### What to do
Each line below should be restated word for word.
*****
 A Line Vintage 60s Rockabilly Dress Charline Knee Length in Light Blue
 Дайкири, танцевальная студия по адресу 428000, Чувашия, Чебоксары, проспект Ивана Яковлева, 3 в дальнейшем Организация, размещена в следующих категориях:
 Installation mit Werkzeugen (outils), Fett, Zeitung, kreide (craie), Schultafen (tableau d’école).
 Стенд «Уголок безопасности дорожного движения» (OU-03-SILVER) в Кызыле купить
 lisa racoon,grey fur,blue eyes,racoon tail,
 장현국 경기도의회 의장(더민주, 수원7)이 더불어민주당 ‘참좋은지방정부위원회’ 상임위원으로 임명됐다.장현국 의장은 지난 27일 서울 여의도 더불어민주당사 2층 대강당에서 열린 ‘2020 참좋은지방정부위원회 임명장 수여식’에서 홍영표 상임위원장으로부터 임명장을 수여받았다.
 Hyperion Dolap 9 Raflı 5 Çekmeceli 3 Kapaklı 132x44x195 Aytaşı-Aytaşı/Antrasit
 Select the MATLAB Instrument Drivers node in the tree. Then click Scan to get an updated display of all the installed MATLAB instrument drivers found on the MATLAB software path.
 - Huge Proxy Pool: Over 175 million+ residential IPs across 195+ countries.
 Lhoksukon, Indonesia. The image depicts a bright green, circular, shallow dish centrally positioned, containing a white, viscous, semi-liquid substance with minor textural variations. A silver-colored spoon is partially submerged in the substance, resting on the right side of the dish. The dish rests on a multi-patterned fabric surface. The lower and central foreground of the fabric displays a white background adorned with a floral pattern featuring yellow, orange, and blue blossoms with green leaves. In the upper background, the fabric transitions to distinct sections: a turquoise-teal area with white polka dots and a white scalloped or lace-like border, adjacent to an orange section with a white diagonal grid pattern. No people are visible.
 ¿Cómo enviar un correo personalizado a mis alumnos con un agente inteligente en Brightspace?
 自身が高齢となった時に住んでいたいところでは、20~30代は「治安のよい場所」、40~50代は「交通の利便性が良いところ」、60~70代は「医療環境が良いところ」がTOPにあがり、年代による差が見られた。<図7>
*****
### Your response
 A Line Vintage 60s Rockabilly Dress Charline Knee Length in Light Blue
 Дайкири, танцевальная студия по адресу 428000, Чувашия, Чебоксары, проспект Ивана Яковлева, 3 в дальнейшем Организация, размещена в следующих категориях:
 Installation mit Werkzeugen (outils), Fett, Zeitung, kreide (craie), Schultafen (tableau d’école).
 Стенд «Уголок безопасности дорожного движения» (OU-03-SILVER) в Кызыле купить
 lisa racoon,grey fur,blue eyes,racoon tail,
 장현국 경기도의회 의장(더민주, 수원7)이 더불어민주당 ‘참좋은지방정부위원회’ 상임위원으로 임명됐다.장현국 의장은 지난 27일 서울 여의도 더불어민주당사 2층 대강당에서 열린 ‘2020 참좋은지방정부위원회 임명장 수여식’에서 홍영표 상임위원장으로부터 임명장을 수여받았다.
 Hyperion Dolap 9 Raflı 5 Çekmeceli 3 Kapaklı 132x44x195 Aytaşı-Aytaşı/Antrasit
 Select the MATLAB Instrument Drivers node in the tree. Then click Scan to get an updated display of all the installed MATLAB instrument drivers found on the MATLAB software path.
 - Huge Proxy Pool: Over 175 million+ residential IPs across 195+ countries.
 Lhoksukon, Indonesia. The image depicts a bright green, circular, shallow dish centrally positioned, containing a white, viscous, semi-liquid substance with minor textural variations. A silver-colored spoon is partially submerged in the substance, resting on the right side of the dish. The dish rests on a multi-patterned fabric surface. The lower and central foreground of the fabric displays a white background adorned with a floral pattern featuring yellow, orange, and blue blossoms with green leaves. In the upper background, the fabric transitions to distinct sections: a turquoise-teal area with white polka dots and a white scalloped or lace-like border, adjacent to an orange section with a white diagonal grid pattern. No people are visible.
 ¿Cómo enviar un correo personalizado a mis alumnos con un agente inteligente en Brightspace?
 自身が高齢となった時に住んでいたいところでは、20~30代は「治安のよい場所」、40~50代は「交通の利便性が良いところ」、60~70代は「医療環境が良いところ」がTOPにあがり、年代による差が見られた。<図7>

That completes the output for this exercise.